- Assigned task -
Within the listing that follows, reproduce exactly the lines starting at the line with "Predám ručne tkané" and ending at the line with "نائلة العجرودي تحصل", inclusive, and only those. Pictures are dropped.

- Records for the task -
* * * *
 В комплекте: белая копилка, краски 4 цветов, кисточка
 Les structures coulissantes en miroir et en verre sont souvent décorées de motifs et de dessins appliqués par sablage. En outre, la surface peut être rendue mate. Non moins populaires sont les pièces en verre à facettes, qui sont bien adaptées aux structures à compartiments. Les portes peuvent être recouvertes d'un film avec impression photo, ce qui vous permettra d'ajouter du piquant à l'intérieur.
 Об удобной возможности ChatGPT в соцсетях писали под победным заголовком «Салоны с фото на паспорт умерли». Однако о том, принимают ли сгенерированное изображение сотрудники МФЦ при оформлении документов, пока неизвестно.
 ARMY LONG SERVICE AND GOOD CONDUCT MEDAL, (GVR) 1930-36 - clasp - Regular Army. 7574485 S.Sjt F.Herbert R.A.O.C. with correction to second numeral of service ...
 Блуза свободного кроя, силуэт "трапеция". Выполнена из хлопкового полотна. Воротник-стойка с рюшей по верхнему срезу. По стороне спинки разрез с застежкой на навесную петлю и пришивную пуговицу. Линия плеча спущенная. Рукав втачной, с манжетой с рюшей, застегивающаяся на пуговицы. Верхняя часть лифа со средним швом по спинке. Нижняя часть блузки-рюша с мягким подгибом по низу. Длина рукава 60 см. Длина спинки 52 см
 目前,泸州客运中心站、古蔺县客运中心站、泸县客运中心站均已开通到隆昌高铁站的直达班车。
* * * *
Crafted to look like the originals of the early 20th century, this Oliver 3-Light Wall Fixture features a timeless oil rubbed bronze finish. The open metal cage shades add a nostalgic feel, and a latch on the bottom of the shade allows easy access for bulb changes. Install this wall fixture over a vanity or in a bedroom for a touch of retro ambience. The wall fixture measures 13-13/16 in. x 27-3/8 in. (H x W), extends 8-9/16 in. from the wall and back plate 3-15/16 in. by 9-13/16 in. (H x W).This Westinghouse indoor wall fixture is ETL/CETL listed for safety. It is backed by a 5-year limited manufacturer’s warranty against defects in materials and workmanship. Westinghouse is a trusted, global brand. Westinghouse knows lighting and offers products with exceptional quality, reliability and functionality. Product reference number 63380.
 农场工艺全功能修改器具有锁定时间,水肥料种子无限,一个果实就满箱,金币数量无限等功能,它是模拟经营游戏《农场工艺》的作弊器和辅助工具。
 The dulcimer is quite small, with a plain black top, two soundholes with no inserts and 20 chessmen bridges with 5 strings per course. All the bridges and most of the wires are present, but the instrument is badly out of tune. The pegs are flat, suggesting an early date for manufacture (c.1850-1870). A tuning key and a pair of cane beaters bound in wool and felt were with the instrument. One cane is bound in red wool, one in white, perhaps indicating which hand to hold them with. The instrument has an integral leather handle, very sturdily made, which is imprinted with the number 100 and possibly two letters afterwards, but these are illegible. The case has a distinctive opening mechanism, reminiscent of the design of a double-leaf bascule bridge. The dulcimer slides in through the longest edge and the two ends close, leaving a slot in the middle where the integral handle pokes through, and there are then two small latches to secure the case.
* * * *
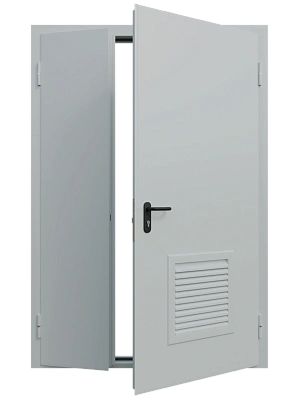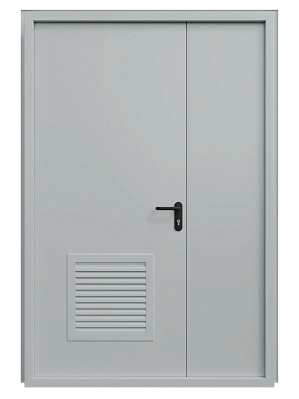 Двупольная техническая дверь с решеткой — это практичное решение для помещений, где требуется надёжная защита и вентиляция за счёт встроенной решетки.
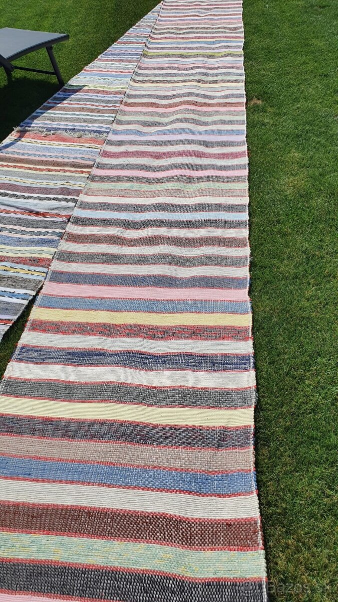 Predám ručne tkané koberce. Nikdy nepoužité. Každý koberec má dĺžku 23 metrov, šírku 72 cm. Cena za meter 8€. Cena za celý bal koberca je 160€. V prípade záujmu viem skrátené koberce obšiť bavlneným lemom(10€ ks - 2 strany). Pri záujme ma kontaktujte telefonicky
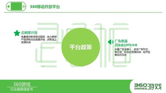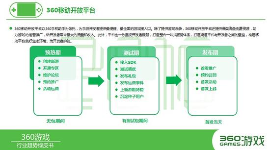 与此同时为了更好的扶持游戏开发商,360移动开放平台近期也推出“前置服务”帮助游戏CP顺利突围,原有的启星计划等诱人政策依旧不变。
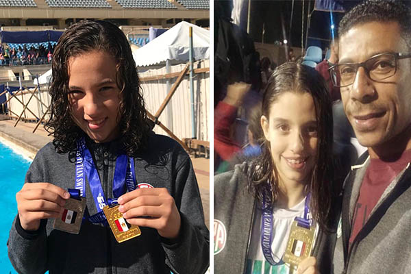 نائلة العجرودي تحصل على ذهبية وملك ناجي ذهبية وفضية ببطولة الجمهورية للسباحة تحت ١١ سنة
* * * *
- Solution to the problem -
 Predám ručne tkané koberce. Nikdy nepoužité. Každý koberec má dĺžku 23 metrov, šírku 72 cm. Cena za meter 8€. Cena za celý bal koberca je 160€. V prípade záujmu viem skrátené koberce obšiť bavlneným lemom(10€ ks - 2 strany). Pri záujme ma kontaktujte telefonicky
 与此同时为了更好的扶持游戏开发商,360移动开放平台近期也推出“前置服务”帮助游戏CP顺利突围,原有的启星计划等诱人政策依旧不变。
 نائلة العجرودي تحصل على ذهبية وملك ناجي ذهبية وفضية ببطولة الجمهورية للسباحة تحت ١١ سنة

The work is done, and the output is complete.